Senior Compliance Officers find it Difficult to Adapt to the Crypto Industry and Blockchain Basis

Many still remember an unusual, and to some, even a controversial move made by Jeff Horowitz in July 2018. After nearly 30 years-long careers in senior compliance roles at some of the largest banks in the US, he decided to become a chief compliance officer at the largest US-based crypto exchange, Coinbase.

The move was very surprising, considering the lack of regulations in the crypto world, and Horowitz stated on the occasion that the old-school attitude does not translate well to the crypto industry. However, he is not the first, nor the last senior compliance officer that chose to join the crypto sector in recent years. In fact. crypto-based companies went on quite a recruitment spree in order to advance in terms of regulations and attract mainstream investors in the process.

Executives such as Jeff Horowitz, who are well-known after years, or even decades in high-profile institutions make for crypto startups' favorite ‘targets.' Of course, many of the recruiters in the crypto industry claim that it is not easy to convince these executives to join the new trend, as they tend to avoid risks. Meanwhile, the nature of cryptocurrency and the sector's hostility toward regulations often discourages executives from wanting to join.

The fact that the digital currency space entered a year-long crypto winter in early 2018 did not help either. Crypto firms found it rather difficult to convince executives of the favorable future in the crypto sector while the prices are spiraling down. Meanwhile, the salaries for senior positions remain quite high, being at around $300,000 in large US companies, and around $158,000 (120,000 pounds) in the UK.

However, recruiters tend to use this to their advantage when offering executives a chance to work in an emerging industry that is developing at extremely fast rates. Even so, those who choose to join the crypto industry are more than necessary, as they carry large responsibilities. Their jobs often include things such as finding laws that might apply to new financial assets, in which jurisdictions these laws might be applied, requesting data from law enforcement, doing background checks on new clients, and more.

Obviously, these are not jobs that just about anyone can do, and checking the new clients is particularly important for the future of the companies.

Hacking Incidents Continue To Discourage

After the crypto industry went big in 2017, the sector found itself filled with money. What followed was an entire wave of hacking scandals, where numerous exchanges started reporting security breaches and thefts, which often included millions of dollars in crypto.

Issues like technology failings were also quite common, as it often tends to happen with new technologies. However, this did not make the problems any less real or damaging. Finally, allegations of crypto misuse for illegal activities such as money laundering also emerged, causing problems for the legitimate entities in the industry.

Then, in September 2018, the New York Attorney General's Office announced that a number of exchanges were putting their users and their funds at risk. The report claimed that the exchanges are vulnerable to issues such as market manipulation.

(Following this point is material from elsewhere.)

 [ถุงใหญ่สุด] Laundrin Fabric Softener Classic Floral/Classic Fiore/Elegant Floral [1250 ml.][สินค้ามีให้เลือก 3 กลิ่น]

Meanwhile, in the UK, the country's lawmakers called the crypto space ‘the Wild West,' stating that the exchanges need to take additional steps to protect their customers and protect themselves from hackers.

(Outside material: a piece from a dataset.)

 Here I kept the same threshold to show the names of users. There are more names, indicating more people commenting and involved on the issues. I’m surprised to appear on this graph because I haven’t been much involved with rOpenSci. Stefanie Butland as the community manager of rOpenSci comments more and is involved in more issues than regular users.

Some in the crypto industry supported the need for regulations, but they insisted that the regulatory framework needs to leave enough space for innovation and evolution of the exchanges. Others wanted to see international standards that would include the entire industry, not only the markets in certain regions.

With all that said and done, the hacking attacks still continued, among other issues. One of the problems seen as recently as in January 2019 included the $135 million that ended up frozen in the accounts owned by Quadriga, a crypto exchange headquartered in Canada. The exchange's founder suddenly died, without anyone else having access to the funds in Quadriga's accounts.

Another incident which is relatively old at this point, but still used as an example of how insecure the exchanges are includes the hack of Coincheck, headquartered in Tokyo. As mentioned, the incident is quite well remembered to this day, as it resulted in a theft of $530 million in cryptocurrency, which caused Japan's regulators to crack down on the exchanges quite strongly.

A Shift To The Smaller Industry

A series of unfortunate incidents such as the one including Coincheck and Quadriga, as well as many others in between, have shown that a new set of rules for the exchanges needs to be introduced and that it must be stricter than ever. As a result, experienced compliance professionals are more needed than ever, which can also be seen in the 230% increase in compliance-related job offers which was witnessed in the last 12 months.

The exchanges need professionals, as well as employees who can help them grow and adopt new standards which would be appealing to institutional investors. Despite the fact that institutions mostly tried to ignore the crypto industry, the interest in it is growing, and there were already cases of pension funds and asset managers approaching, albeit hesitantly and with only a fraction of their investment capital.

Meanwhile, even those executives who have decided to join the crypto industry are still unsure of it and its reputation. They require time to adapt to their new surroundings, and many of them still feel the difference every day on the job.